- [SUPPLIED INFORMATION]
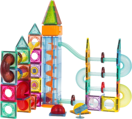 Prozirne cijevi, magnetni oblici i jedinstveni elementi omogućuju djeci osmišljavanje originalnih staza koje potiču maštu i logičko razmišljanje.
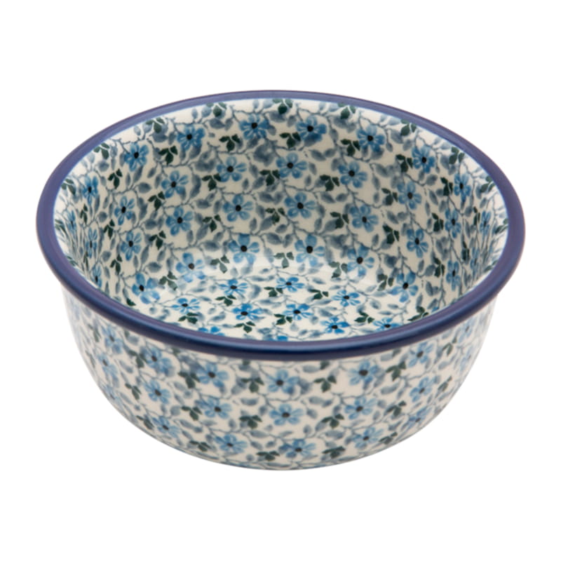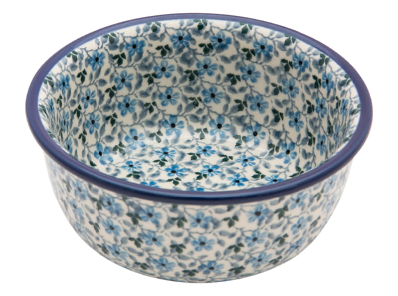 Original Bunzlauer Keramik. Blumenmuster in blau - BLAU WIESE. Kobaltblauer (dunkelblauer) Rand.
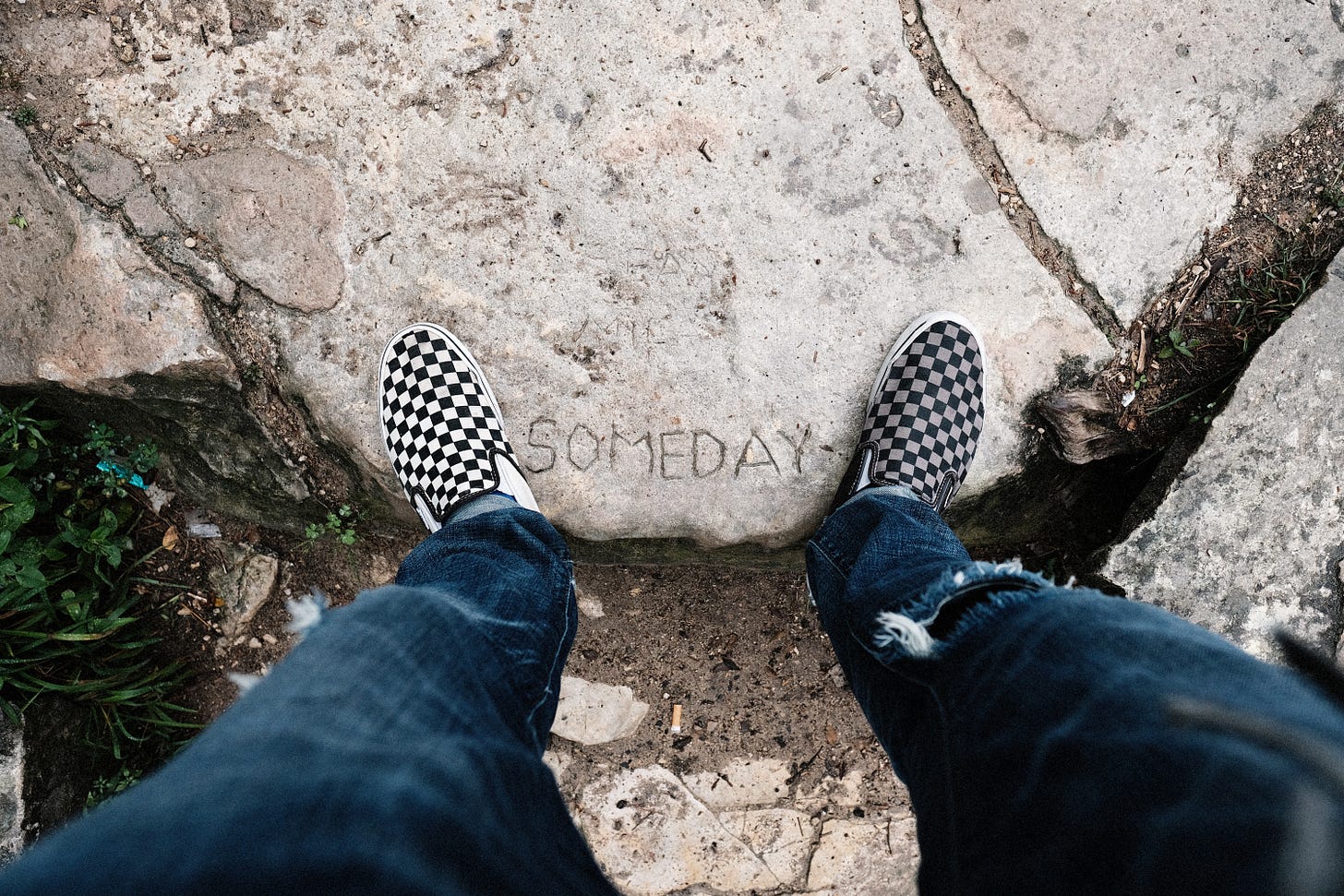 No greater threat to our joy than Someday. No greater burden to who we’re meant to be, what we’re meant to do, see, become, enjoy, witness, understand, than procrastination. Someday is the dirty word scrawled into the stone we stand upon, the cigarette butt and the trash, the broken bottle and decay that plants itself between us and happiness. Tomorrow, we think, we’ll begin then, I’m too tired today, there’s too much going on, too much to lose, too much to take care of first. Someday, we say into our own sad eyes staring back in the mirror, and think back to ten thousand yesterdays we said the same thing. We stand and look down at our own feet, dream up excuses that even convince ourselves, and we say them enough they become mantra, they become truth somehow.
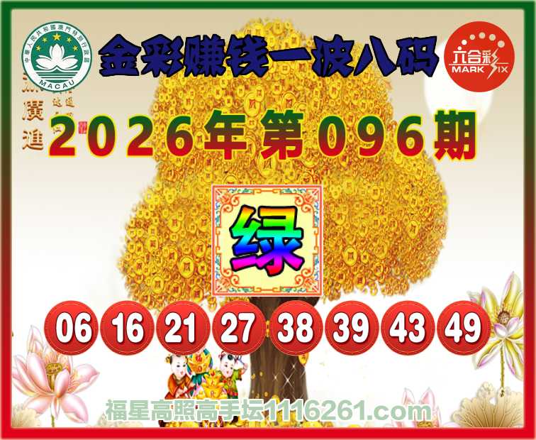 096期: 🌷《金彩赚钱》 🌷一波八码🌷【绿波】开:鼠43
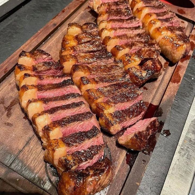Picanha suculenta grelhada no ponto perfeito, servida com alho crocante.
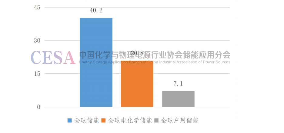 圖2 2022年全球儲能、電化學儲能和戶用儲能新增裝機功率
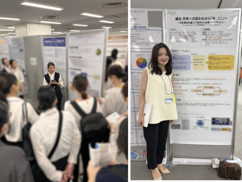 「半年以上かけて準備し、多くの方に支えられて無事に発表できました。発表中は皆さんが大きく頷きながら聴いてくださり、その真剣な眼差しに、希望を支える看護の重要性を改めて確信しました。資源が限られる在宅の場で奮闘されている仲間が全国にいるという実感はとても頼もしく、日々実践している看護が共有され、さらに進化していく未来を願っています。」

- [AIM OF THE TASK] Each line from the first line of the entries through the line containing "Original Bunzlauer Keramik." should be duplicated word for word, and nothing more; the pictures stay out.

- [WRITTEN SOLUTION]
 Prozirne cijevi, magnetni oblici i jedinstveni elementi omogućuju djeci osmišljavanje originalnih staza koje potiču maštu i logičko razmišljanje.
 Original Bunzlauer Keramik. Blumenmuster in blau - BLAU WIESE. Kobaltblauer (dunkelblauer) Rand.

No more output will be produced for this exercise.